▸ Assigned task:
Below, locate the line that contains "Purpurina azul claro". Repeat exactly from that line to the line that contains "5月26日,由中國房地產(c", inclusive, leaving out the pictures.

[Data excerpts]
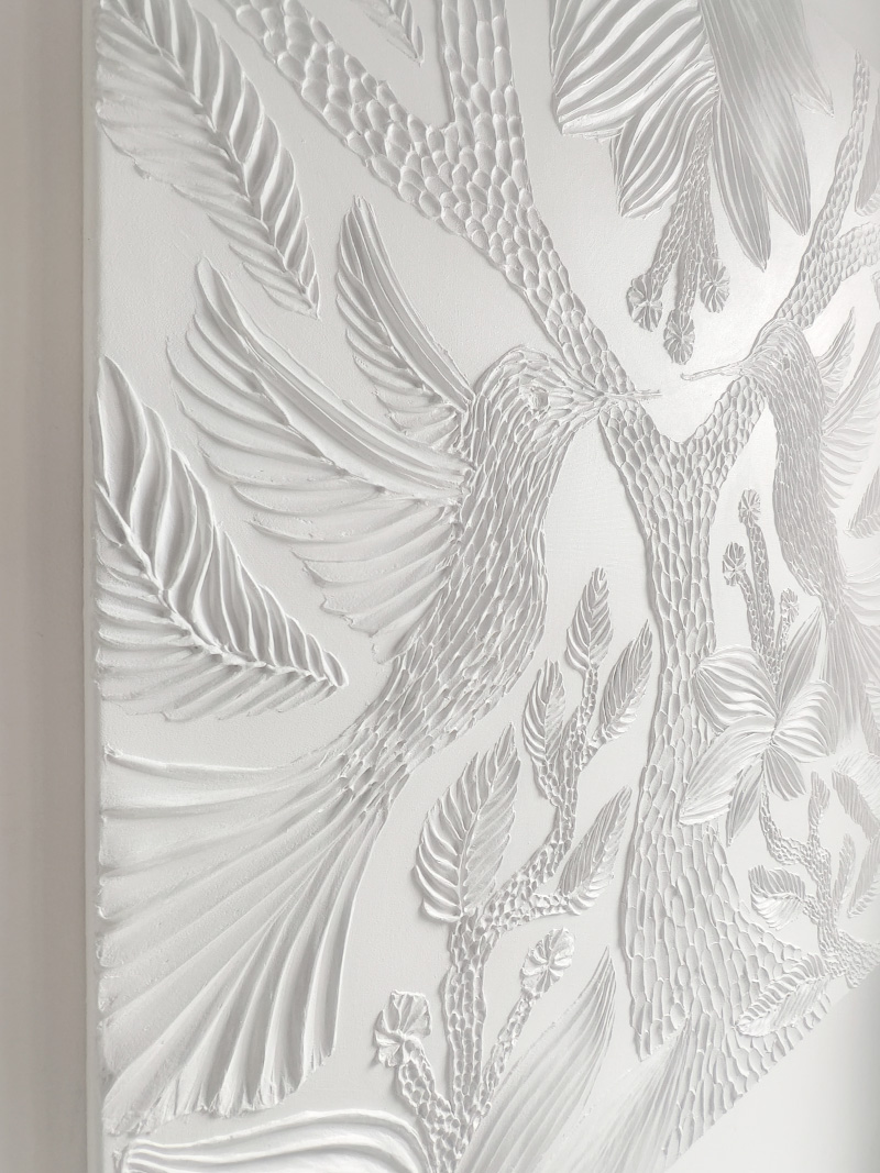 Motiv kolibříků v letu je symbolem nekonečné lásky a krásy. Kolibříci, považováni za posly lásky, jsou známi pro své velké srdce v poměru k malému tělíčku, což symbolizuje čistotu a intenzitu jejich lásky. Jejich rychlý pohyb křídel, které opisují tvar ležaté osmičky, odkazuje na symbol nekonečna, což dodává obrazu hloubku a filozofický nádech. Tento obraz je oslavou lásky, pohybu a nekonečných možností, které jsou vždy v pohybu a v nekonečném propojení.
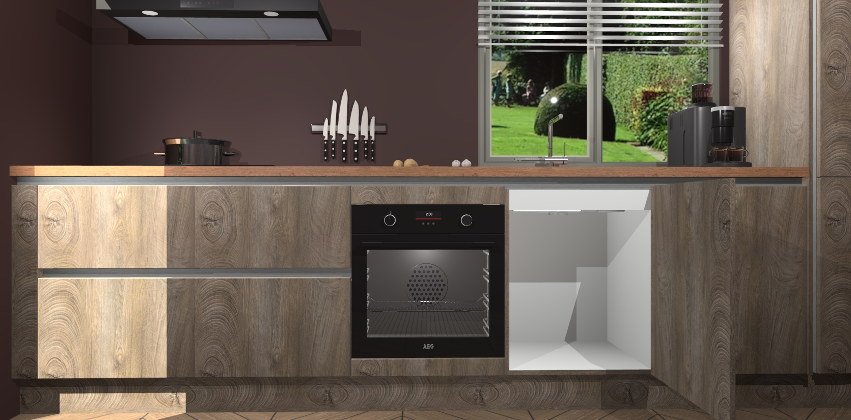- Ombouw om de oven onder het werkblad te kunnen monteren
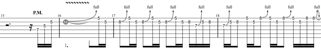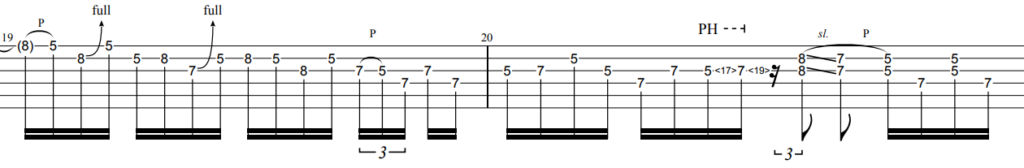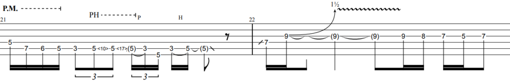 松本孝弘さんのギターソロではよくあることですがフレーズを完全に固めずに勢いを重視したアドリブ性を含むフレージングとなっています。なのでご本人はライブでは違うフレーズを弾いています。その勢いのあるフレーズを採譜して演奏したらこのような感じになりました。最初の入りですが4拍目16部音符休符後に弾き出しチョーキングで小節の頭にくるようにしっかり意識して弾きましょう。そのあとはTAK松本さんのギターソロではよく出てくるランフレーズです。またこのような早いランフレーズだとチョーキングが上がりきれずに弾きがちですがそこもスピーディーな運指でチョーキングを行いましょう。中盤の下降していくあたりのフレーズですが正直かなり聴き取りずらいフレーズとなっています。自分なりに採譜してみたらこうなった・・・という感じですので、このあたりはかなりアドリブ性が強いのでそこを再現するのであればピッキングハーモニクスやブリッジミュート・ピッキングの強弱などでニュアンスを出していきましょう。スケールとしては基本的にAマイナーペンタトニックスケールを使用しています。
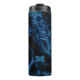 Purpurina azul claro monogramado sobre fondo azul oscuro
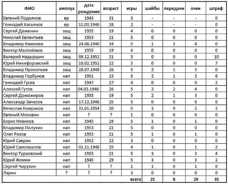 Статистика игроков «Бинокора» на турнире на Приз газеты «Советский спорт» в Минске (сентябрь 1974 года)
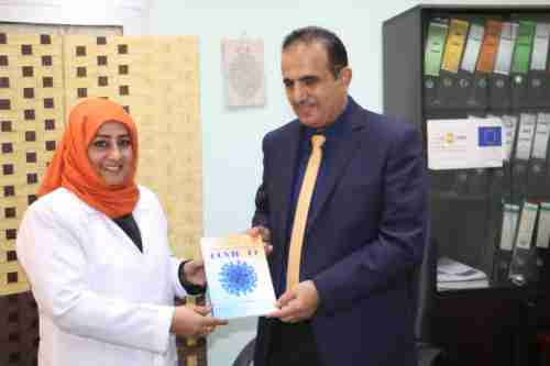 كتاب كوفيد 19 بين يدي وزير الصحة والسكان الدكتور قاسم بحيبح سلمت الدكتوره رجاء أحمد علي مسعد بروفيسور وأستاذ التخدير و العناية المركزة في كلية ا...
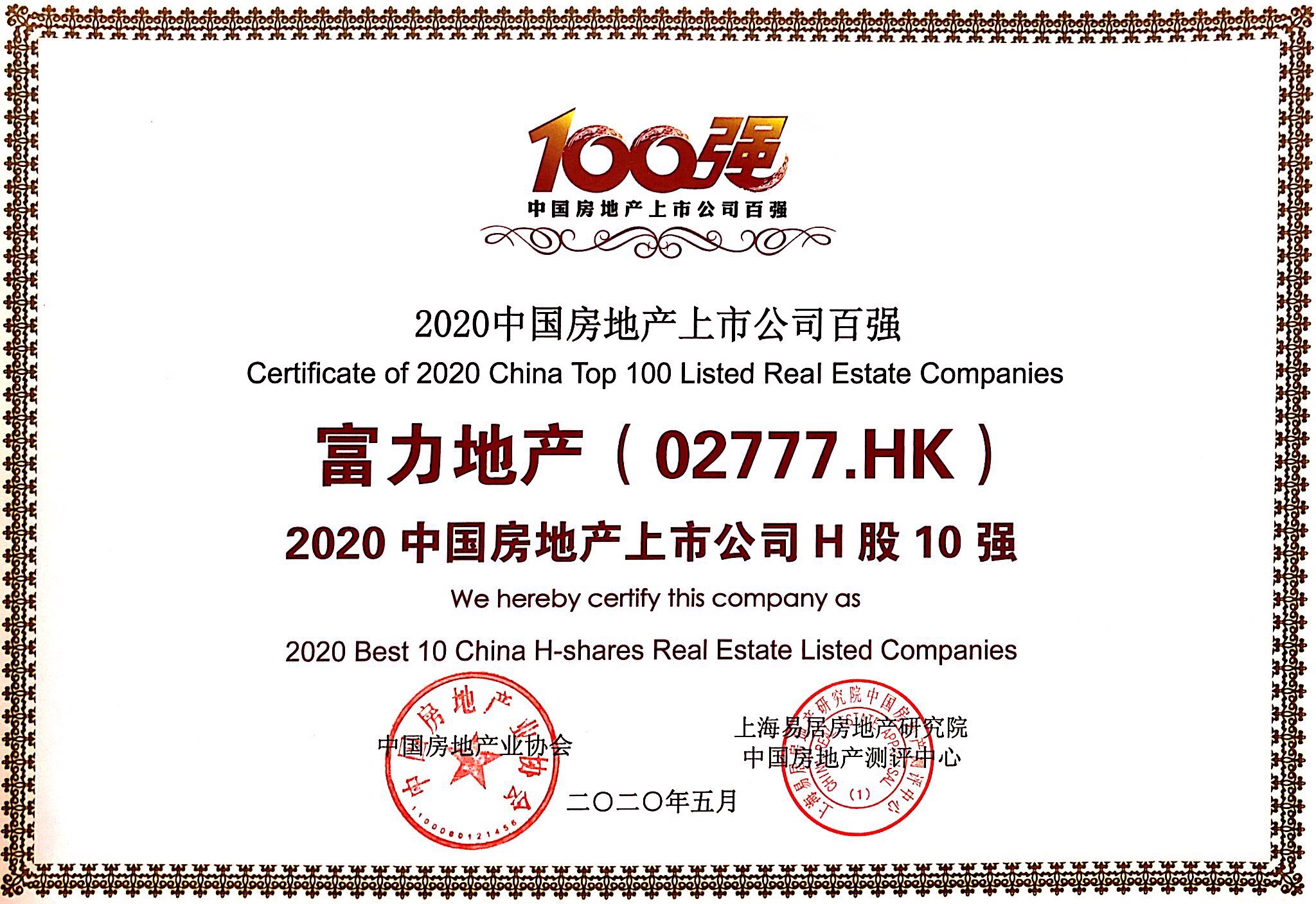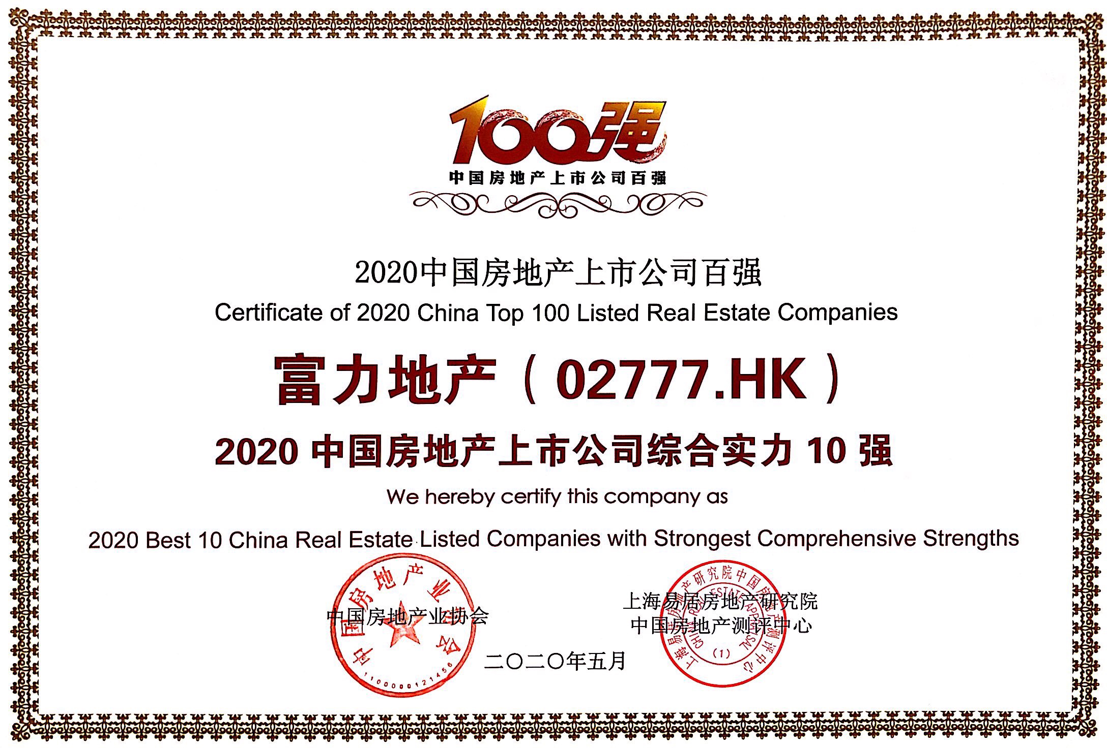 5月26日,由中國房地產(chǎn)業(yè)協(xié)會、中國物業(yè)管理協(xié)會、上海易居房地產(chǎn)研究院中國房地產(chǎn)測評中心聯(lián)合主辦的“2020中國房地產(chǎn)及物業(yè)上市公司測評成果發(fā)布會”在上海召開。在此次測評中,富力(02777.HK)連續(xù)第十年榮獲“中國房地產(chǎn)上市公司綜合實力10強”,同時榮獲“中國房地產(chǎn)上市公司H股10強”的榮譽。
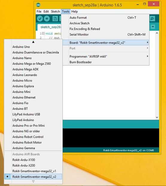 6. Haga clic en la ficha "Herramientas" para seleccionar la versión de la placa principal que está utilizando. El tablero principal puede tener una etiqueta verde que indica que tienes la tabla de versión 2. Si falta la etiqueta verde, tiene un tablero de la versión 1. Seleccione Rokit-SmartInventor-mega32_V1 o Rokit-SmartInventor-mega32_V2.

▸ Solved problem:
 Purpurina azul claro monogramado sobre fondo azul oscuro
 Статистика игроков «Бинокора» на турнире на Приз газеты «Советский спорт» в Минске (сентябрь 1974 года)
 كتاب كوفيد 19 بين يدي وزير الصحة والسكان الدكتور قاسم بحيبح سلمت الدكتوره رجاء أحمد علي مسعد بروفيسور وأستاذ التخدير و العناية المركزة في كلية ا...
 5月26日,由中國房地產(chǎn)業(yè)協(xié)會、中國物業(yè)管理協(xié)會、上海易居房地產(chǎn)研究院中國房地產(chǎn)測評中心聯(lián)合主辦的“2020中國房地產(chǎn)及物業(yè)上市公司測評成果發(fā)布會”在上海召開。在此次測評中,富力(02777.HK)連續(xù)第十年榮獲“中國房地產(chǎn)上市公司綜合實力10強”,同時榮獲“中國房地產(chǎn)上市公司H股10強”的榮譽。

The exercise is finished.